5. Fetch Multi Layers’ Prediction Result With Infer Interface

  • Join the layer to be used as output_layer layer to the input parameters of paddle.inference.Inference() interface with:
inferer = paddle.inference.Inference(output_layer=[layer1, layer2], parameters=parameters)
  • Assign certain fields to output. Take value as example, it can be down with following code:
out = inferer.infer(input=data_batch, field=["value"])

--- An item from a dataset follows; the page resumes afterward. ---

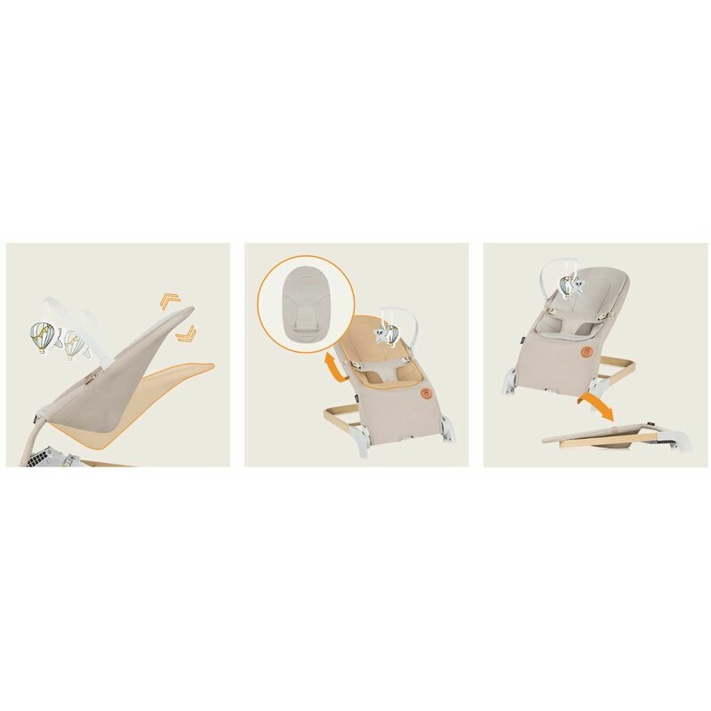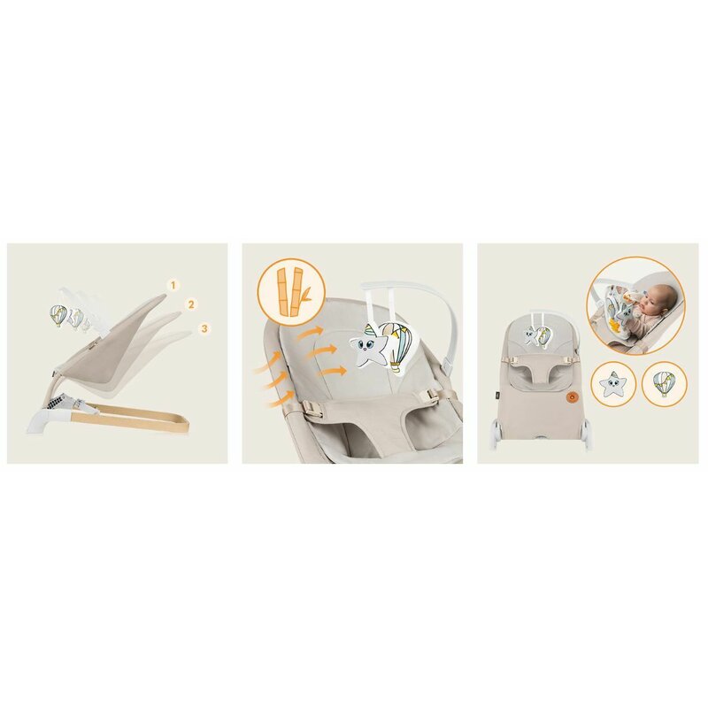 Balansoarul se misca natural odata cu miscarile copilului, stimuland dezvoltarea motorie si simtul echilibrului. Un suport optim pentru cap si coloana este asigurat de o pernuta moale imbracata intr-un material hipoalergenic din bambus. Constructia usoara si pliabila face ca acest balansoar sa fie simplu de depozitat si transportat.

It is important to note that:

  • If 2 layers are assigned as output layer, then the output results consists of 2 matrixes.
  • Assume the output of first layer A is a matrix sizes N1 * M1, the output of second layer B is a matrix sizes N2 * M2;
  • By default, paddle.v2 will transverse join A and B, when N1 not equal to N2, it will raise following error:
ValueError: all the input array dimensions except for the concatenation axis must match exactly

The transverse of different matrixes of multi layers mainly happens when:

  • Output sequence layer and non sequence layer;
  • Multiple output layers process multiple sequence with different length;

Such issue can be avoided by calling infer interface and set flatten_result=False. Thus, the infer interface returns a python list, in which

  • The number of elements equals to the number of output layers in the network;
  • Each element in list is a result matrix of a layer, which type is numpy.ndarray;
  • The height of each matrix outputted by each layer equals to the number of samples under non sequential mode or equals to the number of elements in the input sequence under sequential mode. Their width are both equal to the layer size in configuration.

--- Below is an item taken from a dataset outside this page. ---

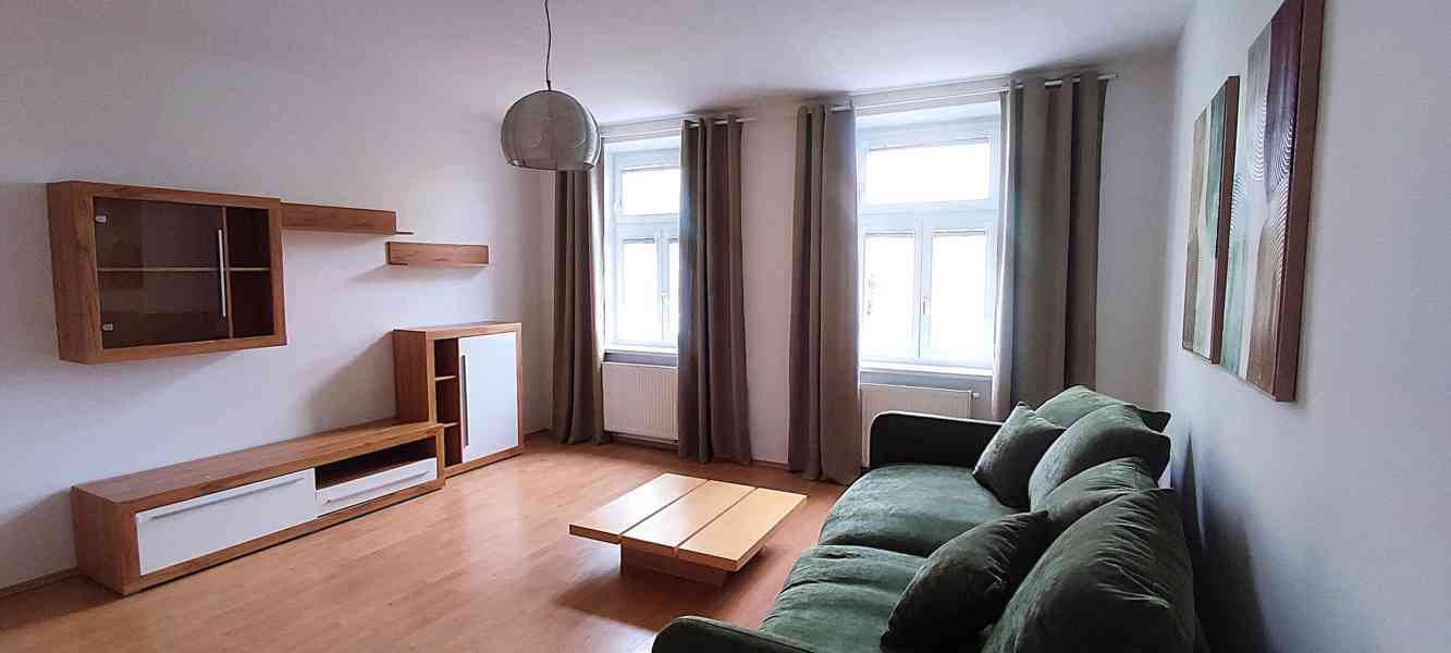 Dispozice: prostorný obývací pokoj (cca 30 m²) s výhledem do ulice, ložnice a kuchyně s okny do klidného, zatravněného vnitrobloku.

6. Fetch the Output of A Certain Layer During Training

In event_handler, the interface event.gm.getLayerOutputs("layer_name") gives the forward output value organized in numpy.ndarray corresponding to layer_name in the mini-batch. The output can be used in custom measurements in following way:

def score_diff(right_score, left_score):
    return np.average(np.abs(right_score - left_score))

def event_handler(event):
    if isinstance(event, paddle.event.EndIteration):
        if event.batch_id % 25 == 0:
            diff = score_diff(
                event.gm.getLayerOutputs("right_score")["right_score"][
                    "value"],
                event.gm.getLayerOutputs("left_score")["left_score"][
                    "value"])
            logger.info(("Pass %d Batch %d : Cost %.6f, "
                        "average absolute diff scores: %.6f") %
                        (event.pass_id, event.batch_id, event.cost, diff))

Note: this function can not get content of paddle.layer.recurrent_group step, but output of paddle.layer.recurrent_group can be fetched.

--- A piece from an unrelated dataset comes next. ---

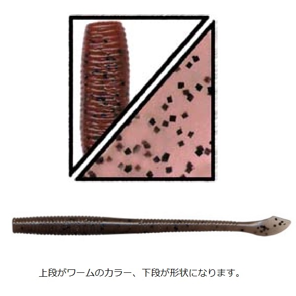優れたストレートワームの条件である水平ポジションの確保、ナチュラルなダートアクション、そしてミノーライクなシルエット、それらを高次元で満たしノーシンカー等のフィネスなアプローチでは、フィールドを選ばず抜群のポテンシャルを発揮します。

7. Fetch Parameters’ Weight and Gradient During Training

Under certain situations, knowing the weights of currently training mini-batch can provide more inceptions of many problems. Their value can be acquired by printing values in event_handler (note that to gain such parameters when training on GPU, you should set paddle.event.EndForwardBackward). Detailed code is as following:

...
parameters = paddle.parameters.create(cost)
...
def event_handler(event):
    if isinstance(event, paddle.event.EndForwardBackward):
        if event.batch_id % 25 == 0:
            for p in parameters.keys():
                logger.info("Param %s, Grad %s",
                    parameters.get(p), parameters.get_grad(p))

Note that “acquire the output of a certain layer during training” or “acquire the weights and gradients of parameters during training ” both needs to copy training data from C++ environment to numpy, which have certain degree of influence on training performance. Don’t use these two functions when the training procedure cares about the performance.